The First InChIKey Collision

By Richard L. Apodaca

2009-04-24T00:00:00.000Z

Noel O'Boyle raises an important question about the canonicalization algorithms used in chemical line notations such as SMILES and InChI:

Can their canonicalisation procedures ensure that two identical molecular graphs result in the same canonical SMILES or InChI?

This isn't merely an academic exercise. One of the best uses for InChI that I've found is as a private primary key in a molecular database. For example, instead of performing a computationally intensive exact structure search to determine if a newly-submitted molecule already exists as part of a chemical registration system, we can simply convert the molecule into a string with InChI and query an indexed field in the 'molecule' table, using code highly-optimized by our database system.

Not only that, but the way InChIs are generated assures us that some of the trickier problems in creating chemical registration systems, such as stereoisomer identification and tautomer detection, have been addressed at virtually no cost.

If there ever were a failure in a line notation canonicalization algorithm, it would probably be detected by a database maintainer noticing that the system failed to register a molecule that clearly wasn't already present, or registered a molecule that already was present.

In other words, this kind of 'bug' might be difficult to detect.

If it's any consolation, PubChem maintains the world's largest collection of freely-downloadable InChI-structure correlations (tens of millions), and as far as I know has not encountered a single InChI failure.

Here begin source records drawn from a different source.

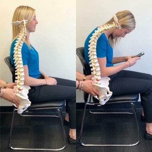 В шейном отделе позвоночника у людей имеется физиологический лордоз, при котором нагрузка на межпозвонковые диски до 4 кг. Использование в повседневной жизни гаджетов приводит к противоположному, порочному положению в шейном отделе — кифозу. При этом нагрузка на диски увеличивается до 24кг, что приводит к быстрому их разрушению. Опасность шейного остеохондроза состоит в том, что происходит нарушение кровообращения головного мозга. Развитие шейного остеохондроза в детском и юношеском возрасте отражается на умственном развитии; в зрелом возрасте — приводит к развитию артериальной гипертензии, увеличивая риск инсульта, и по данным некоторых авторов к развитию сахарного диабета второго типа.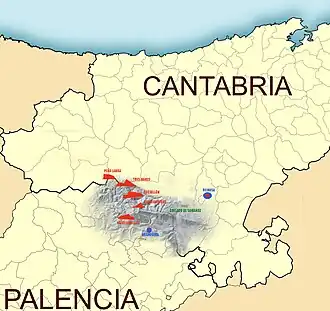 This system marks the boundary between the regions of Campoo in Cantabria and La Pernia in Palencia of Castile and León. It is one of the southernmost foothills of the Cantabrian Mountains range, and the last to rise over 2,000 metres (6,600 ft) in elevation.[3]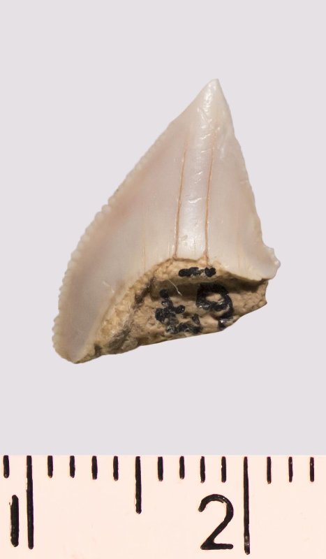 Зуб (фрагмент). Акула. Anacorax kaupi (Agassiz, 1843). Классификация: Хордовые Chordata, Позвоночные Vertebrata, Хрящевые рыбы Chondrichthyes, Пластиножаберные Elasmobranchii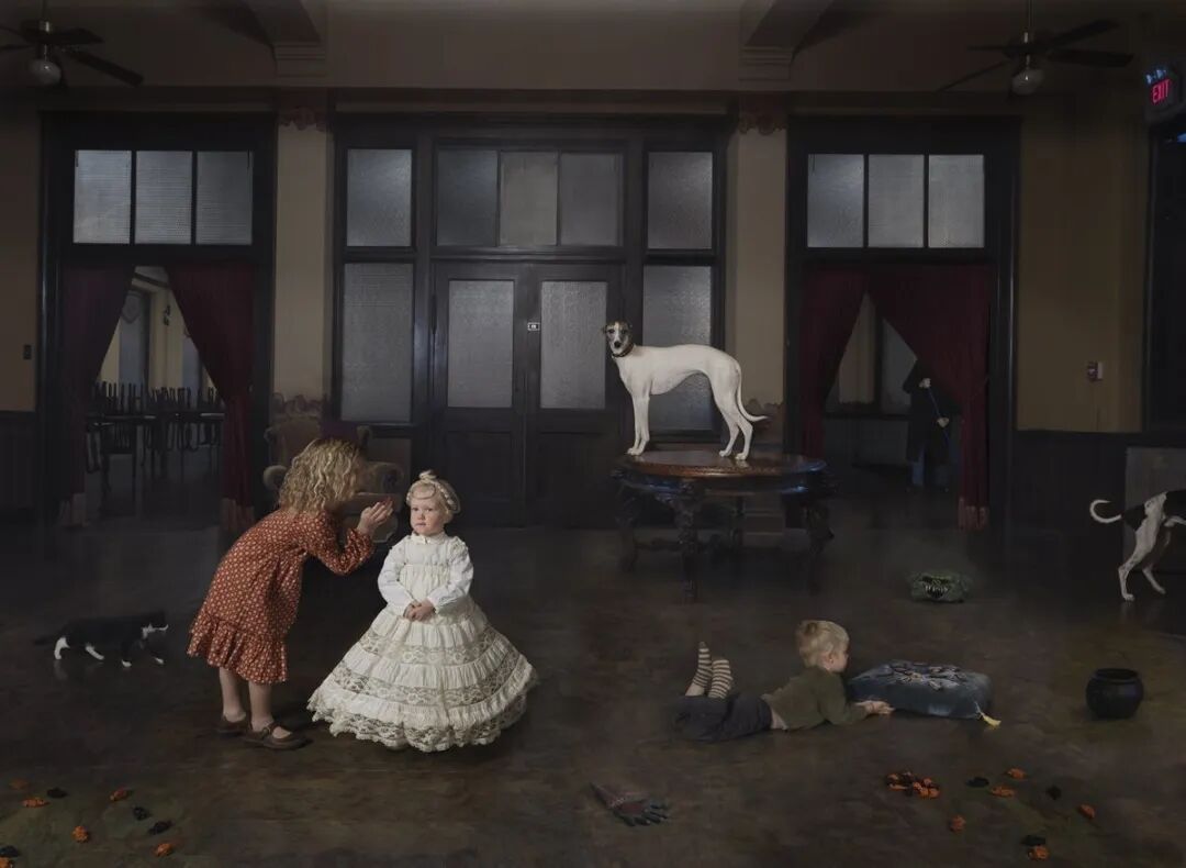 《游乐场》拍摄了孩子们在学校操场上玩耍的照片,灵感来源于摄影师的童年回忆。莫里斯会在放学时间架起相机,捕捉多个画面,再从几个场景合成最终成品,由此他发现了基于社会生活具有启发性的“游戏”摄影叙述。这些照片让人想起了年少时的烦恼,尴尬、轻松、欢乐与焦虑的时刻滴进游戏时间里,在记忆深处闪耀着玫瑰色光芒。莫里斯的图像抓取到了跨越社会阶层与国家界限孩子们游戏的相似之处,同时也察觉到了阶级与特权的深刻分歧,这些分歧往往在孩子们长大成人能理解其含义之前就早已存在。

Another kind of failure is possible, though highly unlikely, when using InChIKey, which is generated from a cryptograpic hash of the full InChI. From the Official InChI site:

There is a finite, but very small probability of finding two structures with the same InChIKey. For duplication of only the first block of 14 characters this is 1.3% in 10⁹, equivalent to a single collision in one of 75 databases of 10⁹ compounds each.

Those are pretty slim odds indeed. But they're not zero, either. As far as I know, not one InChI Key collision has been reported to date. But that doesn't mean one won't be found later on today.

If you wanted to create an efficient system for finding InChIKey collisions, how would you go about doing it?